1898 painting by Gustav Klimt

Pallas Athena (Pallas Athene) is an oil painting created by Austrian painter Gustav Klimt in 1898. It depicts Athena, the goddess of wisdom and war in ancient Greek mythology. It is often considered to be the earliest piece from Klimt's golden phase and a key symbol of the Vienna Secession. The painting is held in the Vienna Museum.

==Description==
Pallas Athena depicts Athena, the ancient Greek goddess of wisdom, crafts, and war as well as the guardian of ancient Athens. She stands in a defiant pose, wearing a golden helmet and breastplate, and holding her signature spear. Athena gazes steadily towards the viewer with wide, calm eyes, while her tightly drawn mouth emphasises her strong, straight jawline. These features lend her distinctly masculine appearance. This gender ambiguity aligns with ancient descriptions and depictions of Athena and is also common throughout ancient Greek culture. Unlike much of Klimt's later work, such as Judith I (1901), Danaë (1907) and The Kiss (1907–1908) which positively focus on sexuality, Pallas Athena notably lacks such eroticism. Instead, Klimt chooses to focus on Athena's divine and powerful nature.

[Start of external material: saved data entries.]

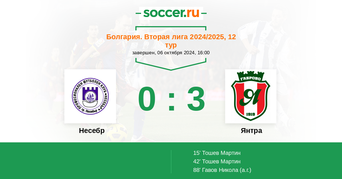 Протокол матча Несебр против Янтра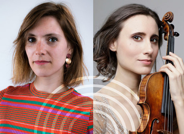 • Portrait photos of Chloé van Soeterstède and Jennifer Pike with a 5 faint white circles overlaid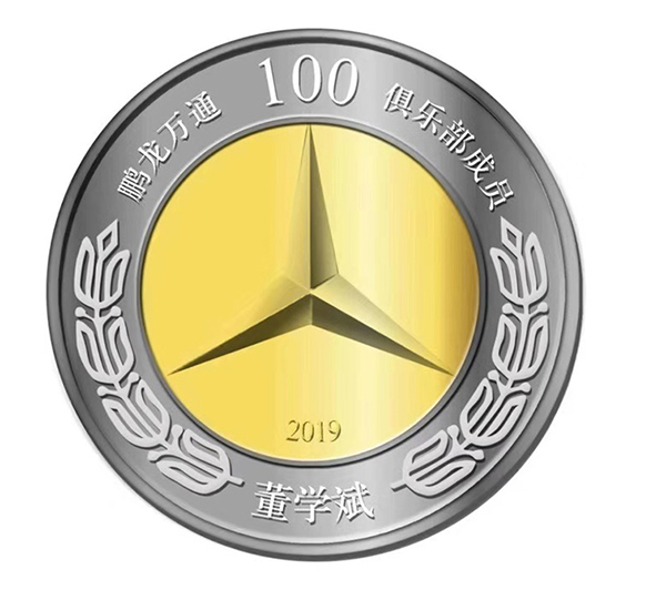 奔驰鹏龙万通100俱乐部成员徽章定制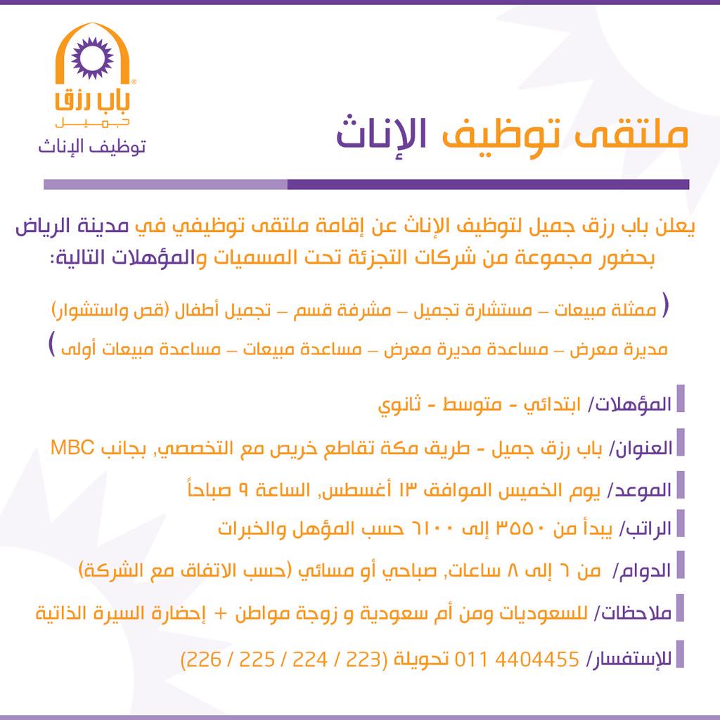 باب رزق جميل Bab Rizq Jameel On Twitter ملتقى توظيفي للسيدات في الرياض توظيف وظائف شاغرة Http T Co Jcjrnxzyxn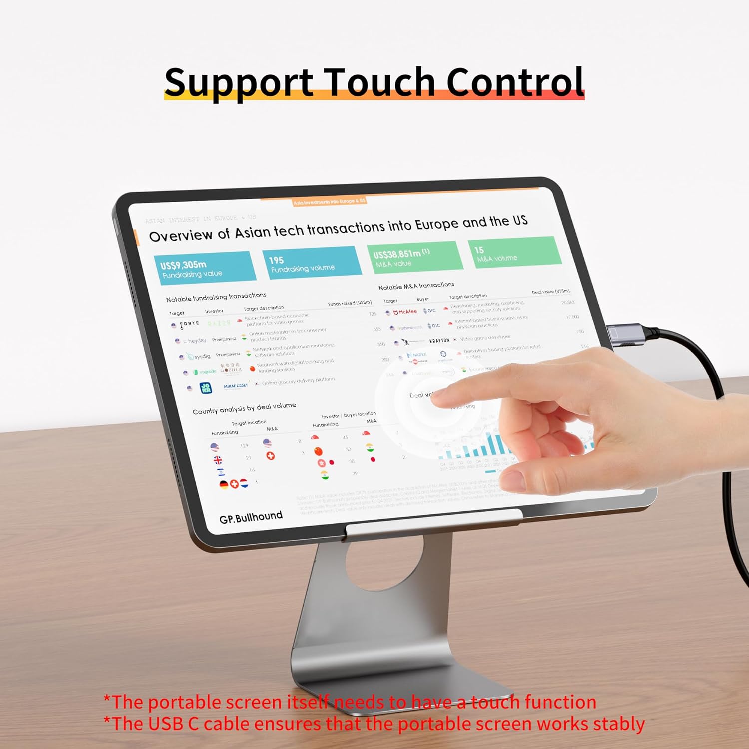Multifunctional Design: This HDMI to Type-C conversion cable not only transmits HDMI signals but also features USB-A power and USB-C power ports. The USB-A power port supplies power to the chip inside the HDMI to USB-C conversion cable, supporting touch panel functionality. The USB-C power port supplies power to devices connected via the USB-C interface. *Note: We recommend using a PD19W charger.

In Pallas Athena, in the goddess' right hand a traditional figure of Nike is replaced by a nude figure embodying Nuda Veritas, or "naked truth", holding a mirror. This emphasises Klimt's portrayal of Athena as a symbol of freedom, strength and victory. Klimt would revisit the figure of Nuda Veritas in a 1899 painting of the same name, further representing Secessionist ideals expressed in Pallas Athena. Athena’s breastplate features an archaic-style Medusa head with a protruding tongue, a detail that some interpreters view as ridiculing opponents of the Secession movement. The background of Pallas Athena painting exhibits Heracles fighting with Triton. For this scene, Klimt was inspired by a black-figure vase, now in the Toledo Museum of Art in Toledo, Ohio. The painting's frame, designed by Klimt, was created by his younger brother Georg, an engraver and metal worker.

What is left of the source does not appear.